If you elect to direct the trustee how to vote your allocated shares and/or the non-directed shares, the enclosed voting instruction card(s) must be returned. The address to which the card(s) must be mailed or delivered is The J. M. Smucker Company, c/o Computershare Investor Services, LLC, P.O. Box 1878, Chicago, Illinois 60690-9312. In order for the trustee to be able to vote the shares at the annual meeting, the deadline for voting instruction cards to be received is 12:00 noon (eastern time), August 10, 2001. A prepaid, addressed envelope is enclosed for you to use in returning the card(s).

Your decision whether or not to direct the trustee to vote shares in the plans and, if so, the direction that you have given will be treated confidentially by the trustee, which will not disclose it to Smucker or any of its employees, officers, or directors.

VOTING RIGHTS OF SHARES

Common shares in a benefit plan that formerly were Class A common shares prior to the combination of the Class A and Class B common shares on August 28, 2000, and which were acquired by the plan before June 15, 1997, are entitled to ten votes per share. All other shares in a plan are entitled to one vote per share. Shares are allocated to accounts for recordkeeping purposes only; voting rights of shares are not tracked on an account level. Allocation of one-vote and ten-vote rights, therefore, is done on an aggregate basis based on the proportion of one-vote to ten-vote shares in the plan.

FIDUCIARY STATUS

Each plan participant is a “named fiduciary” (as defined in Section 402(a)(2) of the Employee Retirement Income Security Act of 1974, as amended) with respect to a decision to direct the trustee how to vote the shares allocated to his or her account. Individuals considered to be named fiduciaries are required to act prudently, solely in the interest of the participants and beneficiaries of the plans, and for the exclusive purpose of providing benefits to participants and beneficiaries of the plans. A named fiduciary may be subject to liability for his or her actions as a fiduciary. By signing, dating, and returning the enclosed voting instruction card(s), you are accepting your designation under the plans as a named fiduciary. You should therefore exercise your voting rights prudently. You should sign, date, and return the voting instruction card(s) only if you are willing to act as a named fiduciary.

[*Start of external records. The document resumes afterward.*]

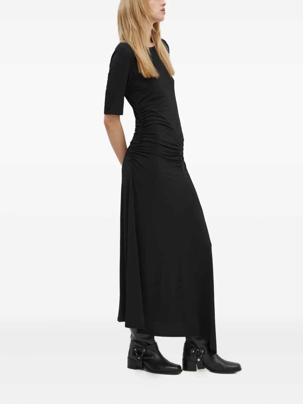 Черное платье с короткими рукавами, круглым вырезом, драпировкой и длиной макси
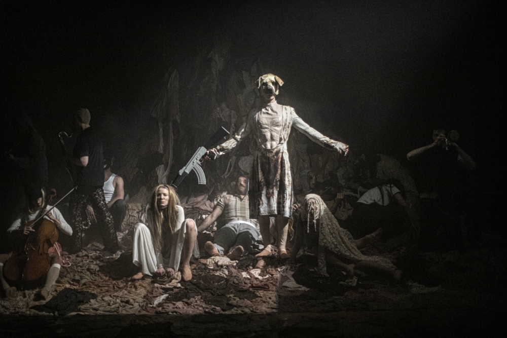 Au cœur du dispositif, un jeu d’échos dissonant entre plusieurs écrans. L’un, central, décrit avec des mots simples les images d’une vidéo de bukkake – on laissera aux curieux le soin d’en chercher la définition – s’exerçant sur une jeune femme d’origine chinoise. Fellations à la chaîne, éjaculations faciales non consenties, insultes et 44 pénétrations en une heure font cheminer par l’écrit à travers l’horreur d’une scène comme ce site en a produit de nombreuses. Viol à l’abattage. Sur les réseaux sociaux, Axelle, avatar féminin du patron Pascal Ollitrault, appâte des jeunes femmes dans la précarité. Elles sont ensuite piégées et maltraitées dans des séquences qui alimentent le site. Certaines, des dizaines, ont porté plainte. Mais, parallèlement à cet écran qui égrène avec froideur les plans successifs de cette pornographie ultra violente d’une femme livrée à une meute d’hommes, défilent sur deux autres écrans qui entourent la scène les paroles revisitées des cantates de Bach, qui, entremêlant les genres, enveloppent l’atroce récit de leur beauté, de leur douceur, de leur intelligence et de leur humour. Les chants portés notamment par Adèle Carlier, Michiko Takahashi et Manon Xardel, accompagnées par l’Ensemble Miroirs Étendus, rendent ainsi les images décrites encore plus odieuses, mais les tournent également parfois en ridicule. Plus que dénoncées, raillées pour leur inhumanité, la musique liturgique accompagnant ainsi une étrange procession avec des hommes masqués – comme ils l’étaient dans les vidéos –, parfois armés ou affublés de masques de chiens, à quatre pattes, tenus en laisse, et avec des femmes costumées de blanc virginal comme pour être conduites au sacrifice, d’autres portant des totems en forme de sein ou de pénis. On oscille ainsi entre les images archaïques de rituels de sacrifices, des parties fines carnavalesques à la Eyes Wide Shut, évocations des viols de guerre et inversion des rôles, entre autres.
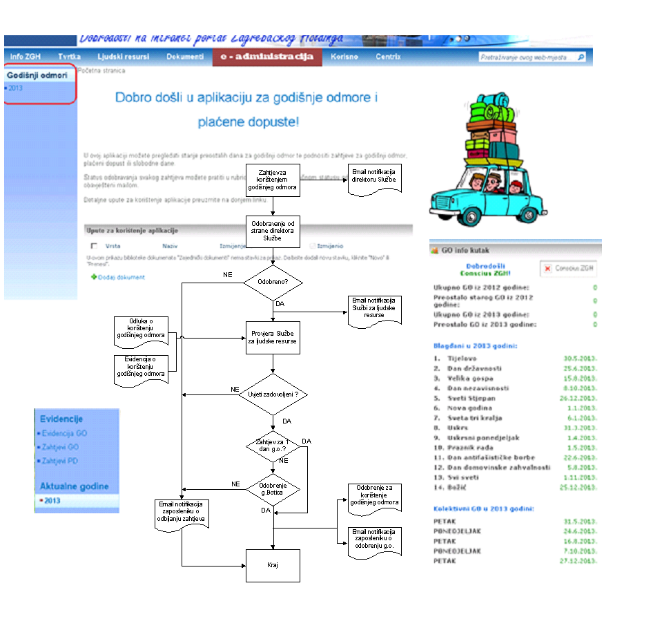 Rješenje predstavlja elektronički sustav za upravljanje godišnjim odmorima, slobodnim danima i plaćenim dopustima. Omogućuje predaju zahtjeva za godišnji odmor, slobodni dan ili plaćeni dopust, odobravanje odgovornih osoba, generiranje odgovarajućih dokumenata odobrenja i njihovo urudžbiranje. Rješenje je usklađeno s praznicima i vikendima, kolektivnim godišnjim odmorima te prati broj iskorištenih dana za svakog zaposlenika
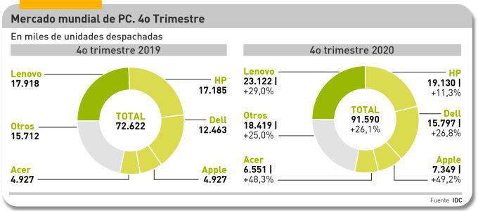 Ahora sí, ¿qué muestra el ranking de IDC? En primer lugar, que el mercado creció un 26,1% en el cuarto trimestre y un 13,1% en todo 2020. No se conocía un resultado mejor desde 2010, cuando el mercado mundial creció un 13,7%. Pero esta proeza ha significado que “cada segmento de la cadena de suministro fue llevado a sus límites, pero aun así la producción no ha dado abasto con la demanda”, explica el analista sectorial Jitesh Ubrani.
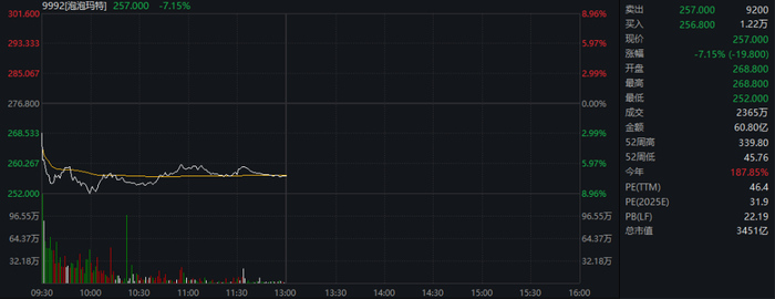 周一(9月15日),泡泡玛特再度大幅杀跌,最低跌至252港元/股,为8月5日以来最低水平,且较此前的纪录高位已经回调超过25%。

If you direct the trustee how to vote non-directed shares, you will be a named fiduciary with respect to that decision also. You are similarly required to act prudently, solely in the interest of the participants and beneficiaries of the plan, and for the exclusive purpose of providing benefits to participants and beneficiaries of the plan in giving direction on non-directed shares, if you choose to do so.